And if you’ve never been in a storm like this, never experienced a tornado or derecho (for the record, I’ve been through those too and would rather a hurricane), then you might think “that’s crazy, of course it’s the wind and the noise and the water.” What damage could a banana do? The answer is that anything can do a lot of damage if It hits you at 90 miles per hour.

Brian Spears, It’s Hurricane Season Y’all

The planet excising parts of itself as a cancer–fairly standard imagery now.  The planet practicing plastic surgery has a nice alliteration.  The planet as feeling trapped in a wrong body and excising the parts that don’t fit–forest fire as corrective surgery–perhaps this imagery is too transgressive?

But maybe we want transgressive imagery.  Maybe in an era of apocalypse, transgressive imagery is what we need to shake us out of our complacency.

Living in the most southeastern part of Florida, cleaning up flood after flood after hurricane after flood, I always wondered how people could be complacent.  Now that I live in the mountains, where climate risk is much lower (not true of all mountains, I know, but true of mine),  I understand complacency.  Yesterday, it took me a few hours to wonder if the haze outside might be more dangerous than I thought.  I looked up a different chart from a different government agency, one that measures fire risk to lung health.  Our particulate levels weren’t particularly good, but for those of us without breathing issues, it was fair.

I looked up my old address in DC.  This morning, the code is purple.  I am glad I am not there.  My air quality here in the NC mountains is green.

A new apocalypse, a new metric to be learned, new charts to follow, new numbers rising and falling.  But don’t turn your back to the ocean, which is always rising, and faster than we’ve been told.
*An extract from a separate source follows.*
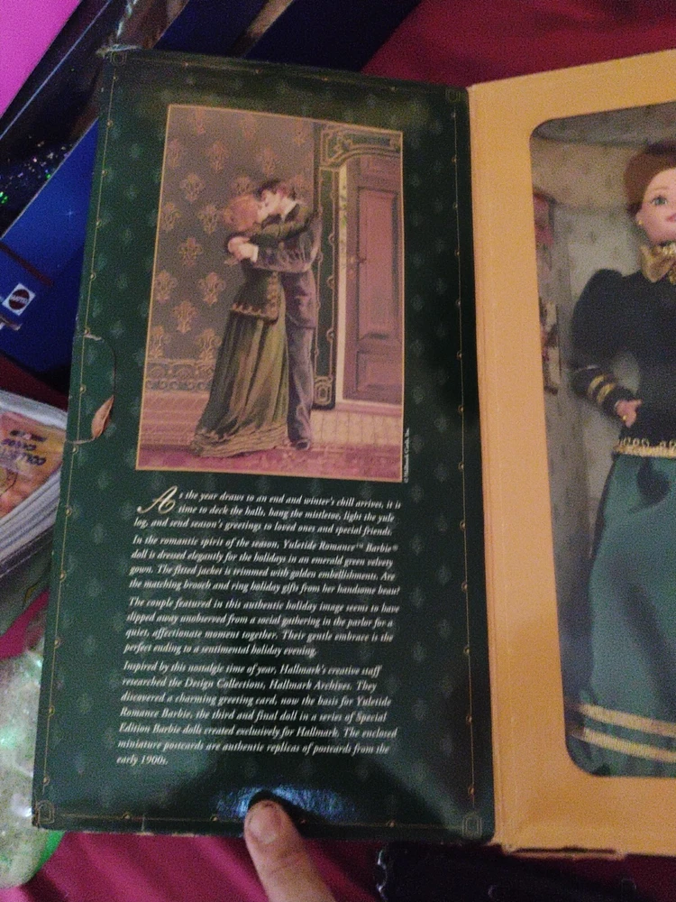 This 1996 Special Edition Hallmark Yuletide Romance Barbie #15621 is a beautiful addition to any doll collection. The doll features a Caucasian complexion, with varying eye and hair colors and types. The doll is 11 1/2 inches tall and 7 inches wide, with a length of 14 inches and a weight of 1.5 lbs. This original, never opened doll is part of the Yuletide Romance product line and is a must-have for any Barbie fan. The doll comes in its original packaging and is a single unit. It is a girl doll and is not personalized or signed. The doll is an original, licensed reproduction from Mattel and was manufactured in China in the 1990s. Box has some damage

Kristin Berkey-Abbott, Apocalypse in Flames with Tint of Ocean

I can’t stop the dog writing a book on the history of dogs
(It’s still in the research stage but I haven’t the heart to interfere.)
The dog insists on silence while he’s working.
We tiptoe around him, communicate with an elaborate
Selection of signs, try to avoid boiling the kettle.
The sound on the television is muted.

Bob Mee, A POEM WRITTEN WHILE UPPER CLASS POLITICIANS AND THEIR FAWNING ACCOLYTES SPOUT LIES ON A SUNDAY MORNING TV SHOW

In what has already become a somewhat forlorn attempt to arrest my book-buying urges, I thought I would, at long last, take up book-borrowing from Rotherham Library. I’ve been a peripatetic but often prolific library-user over the years since I was allowed to join Old Malden Library when I was six, so it’s a wonder, really, that it took me two years of living in Rotherham before I availed myself of the local treasures to be had. That’s right, treasures. In my experience, every library has them, and much serendipity can be gained by stumbling upon them. […]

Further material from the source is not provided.